In 1954, the "Institute of Business Administration" (Mo'assaseh-ye olum-e edari) was established with the help of the University of Southern California, directed by Harry Marlow of USC, offering master's and PhD degrees. That institute is the current Tehran University Faculty of Management.

In 1958, the "Institute of Journalism" (Mo'asseseh-ye ruz-nameh negari) was founded with cooperation of James Wellard of the University of Virginia.

In 1965, a postdoctoral program of cytopathology was inaugurated with the assistance of Johns Hopkins University.
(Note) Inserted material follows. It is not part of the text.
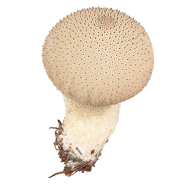 球形の頭に柄がついて、 森でであうとまるで、 もののけ姫に登場するこだまみたいです。 成熟したホコリタケをつまむと、 ほこりのように胞子がでてきます。

And in 1971, construction of a new building designed by Abdolaziz Farmanfarmayan was completed, which housed the university's main central library which today holds nearly 700,000 volumes, a large collection of Persian manuscripts, many of them unique, as well as 1800 periodicals from all over the world.

==Secession of the College of Medicine==
In 1986, by legislation of the National Parliament, the university's oversized College of Medicine separated into the independent Tehran University of Medical Sciences (TUMS), coming under the new Ministry of Health and Medical Education. The university (TUMS) is currently Iran's most prestigious medical school with 13,000 students.

Tehran University of Medical Sciences, however, publishes all its scientific research under the name "University of Tehran" and continues to enjoy close relations with Tehran University's main campus.